Ook de ontwikkelingen op de beurs spelen een rol bij de aantrekkelijkheid
van aandelenoptie-rechten voor werknemers. Het ligt voor de hand dat de in
de afgelopen jaren sterk gegroeide populariteit van dit fenomeen zal afnemen
in een periode van koersdalingen of koersstabilisatie, hetgeen zich direct
zal vertalen in een lagere belastingopbrengst.

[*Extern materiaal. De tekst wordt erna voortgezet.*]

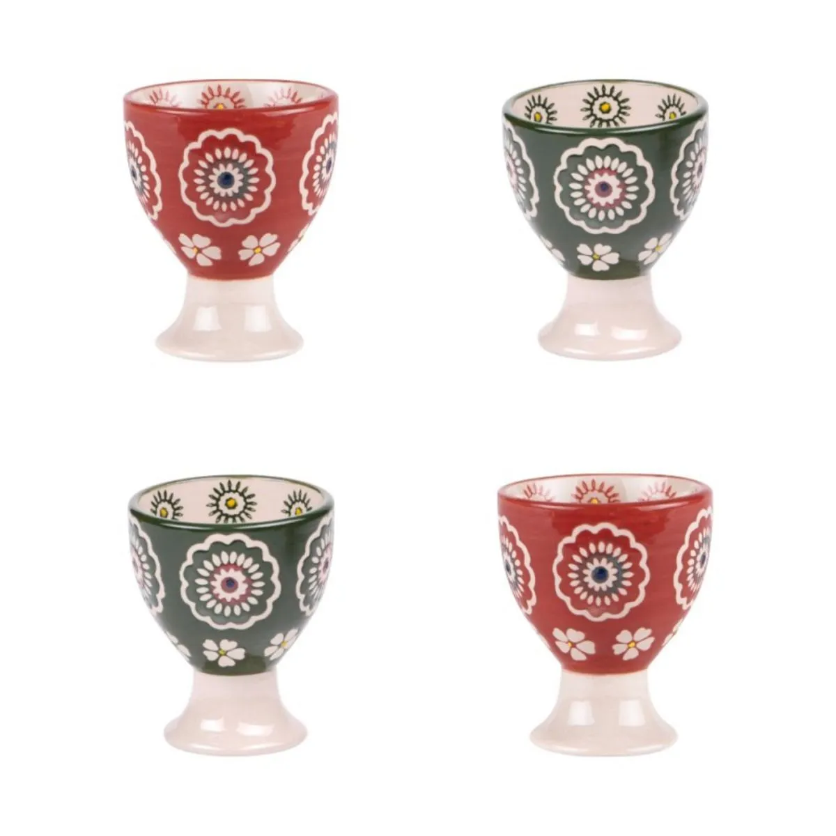 Retrouvez deux coquetiers de couleur rouge et deux autres de couleur verte ainsi que des motifs floraux sur l’ensemble des produits. Leur praticité, offre un maintien parfait pour savourer vos œufs à la coque avec élégance. Leur format compact et robuste garantit une utilisation agréable et durable.
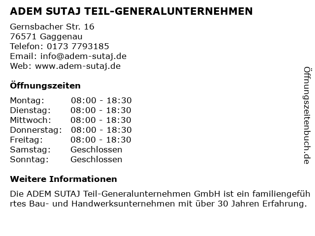 Branchen & Suchbegriffe zu ADEM SUTAJ TEIL-GENERALUNTERNEHMEN:adem, generalunternehmen, sutaj, teil |
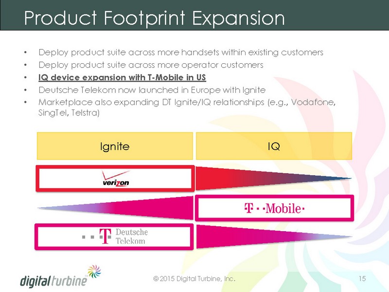 Product Footprint Expansion • Deploy product suite across more handsets within existing customers • Deploy product suite across more operator customers • IQ device expansion with T - Mobile in US • Deutsche Telekom now launched in Europe with Ignite • Marketplace also expanding DT Ignite/IQ relationships (e.g., Vodafone, SingTel, Telstra) © 2015 Digital Turbine, Inc. 15 Ignite I Q
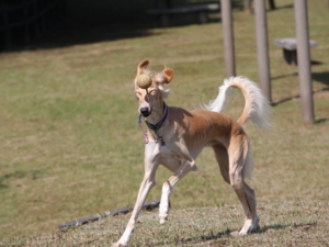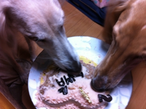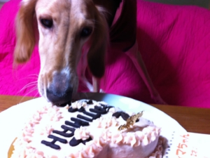 朝起きて、ファティマの耳元で小さく「ファティー、2歳おめでとう」とささやいたら、何を勘違いしたのかしっぽブンブン振って嬉しそう♪
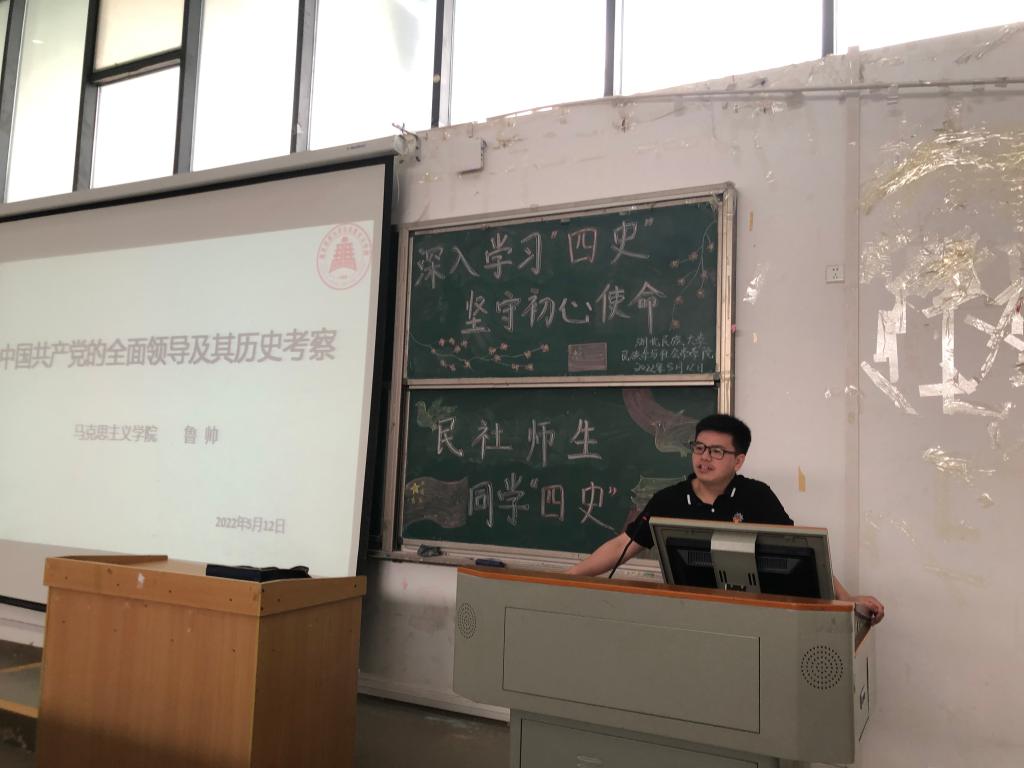 (本网讯 张雯/文 张冰/图)为进一步深化巩固党史学习教育成果和落实36365官网开展“四史”学习教育的实施方案,5月12日上午,我院邀请了36365线路检测登录入口“四史”学习教育宣讲团鲁帅博士开展宣讲活动,我院协同创新主任、教工党支部书记胡兆义担任主持人,全体教职工和部分研究生和本科生参加此次活动。
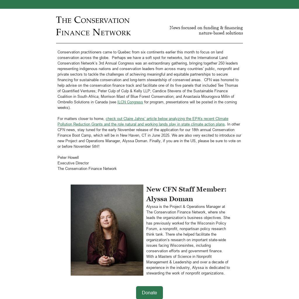 For matters closer to home, check out Claire Jahns’ article below analyzing the EPA’s recent Climate Pollution Reduction Grants and the role natural and working lands play in state climate action plans. In other CFN news, stay tuned for the early November release of the application for our 18th annual Conservation Finance Boot Camp, which will be in New Haven, CT in June 2025. We are also very excited to introduce our new Project and Operations Manager, Alyssa Doman. Finally, if you are in the US, please be sure to vote on or before November 5th!!
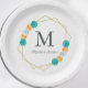 Orange ranunculus, white rose and teal floral wedding design on a geometric frame
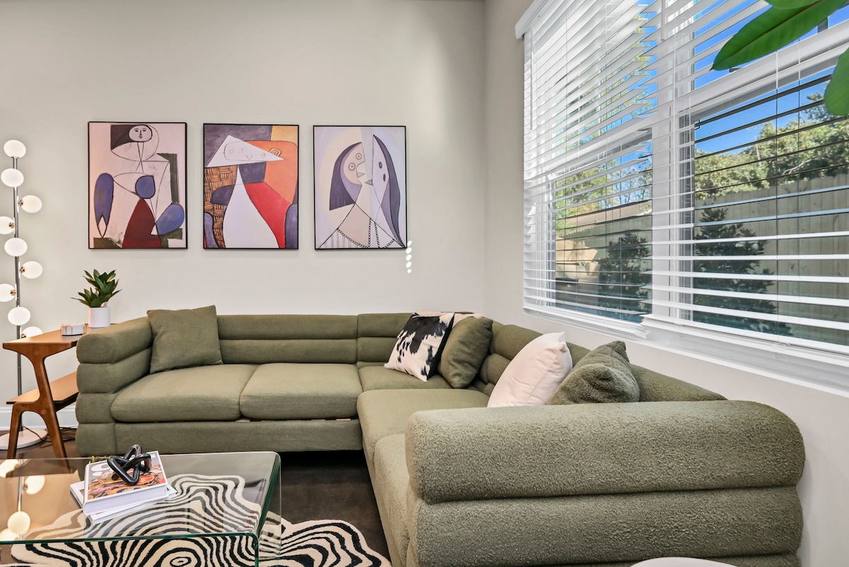 Downtown Blue BoHo w/ outdoor spaces, grill & FP

Budgettaire consequenties uitbreiding spaarloonregeling
voor aan het personeel verstrekte aandelen in het eigen bedrijf
Hoewel de verstrekking van aandelen in het kader van de spaarloonregeling
op dit moment slechts in beperkte mate voorkomt, dient er rekening mee te
worden gehouden dat dit bij een verruiming van het maximumbedrag zal gaan
veranderen. Het wordt voor de werknemer immers aantrekkelijker om het spaarloon
in de vorm van aandelen te krijgen (in plaats van in de vorm van geld)2. Het is zelfs voordelig om f 1670 aan spaarloon
in contanten + f 1670 aan regulier loon in te leveren voor f 3340
aan spaarloon in de vorm van aandelen. Hierbij dient te worden bedacht dat,
anders dan bij de opties3, de waardering
van de verstrekte aandelen niet wijzigt en er derhalve sprake is van een reële
verruiming van de regeling. Als gevolg van de te verwachten verschuiving van
belast loon naar vrijgesteld loon leidt het voorstel derhalve zonder meer
tot een budgettaire derving. Gelet op het massale gebruik dat thans van de
spaarloonregeling wordt gemaakt, het feit dat de verruiming zowel voor de
werknemer als voor de werkgever tot een fiscaal voordeel leidt en de kennelijke
vraag uit het bedrijfsleven naar een dergelijke verruiming mag
het mogelijke gebruik en de daarmee samenhangende budgettaire derving van
de bovengenoemde verruiming niet worden onderschat. Volgens de eerste berekeningen
moet bij dit voorstel in ieder geval rekening worden gehouden met een derving
van 60 mln (exclusief de derving uit hoofde van het vervallen van 10%-heffing).
XNoot
1Er moet sprake zijn van (1) niet ter beurze genoteerde aandelenoptierechten
(2) die uiterlijk 5 jaar na het inhoudingstijdstip kunnen worden uitgeoefend
(3) tegen een prijs die gelijk is aan de waarde in het economische verkeer
op het inhoudingstijdstip. Uit een steekproef bij de Belastingdienst/ Grote
Ondernemingen kwam naar voren, dat de aandelenoptieregeling bij minimaal 50%
van de onderzochte bedrijven niet voldeed aan de voorwaarden voor de forfaitaire
7,5%-waardering. Bij de middelgrote ondernemingen zal de mate waarin niet
is voldaan aan de voorwaarden voor deze forfaitaire waardering naar verwachting
kleiner zijn.
XNoot
2Voor de werkgever is het voordeel van het verstrekken van spaarloon in
de vorm van aandelen in plaats van in de vorm van geld of in de vorm van opties,
dat de 10%-heffing niet geldt voor aandelen en wel voor de beide andere vormen.
XNoot
3Bij de toekenning van aandelenopties leidt de uit het wetvoorstel voortvloeiende
hogere waardering (ten opzichte van de huidige situatie) tot een meeropbrengst.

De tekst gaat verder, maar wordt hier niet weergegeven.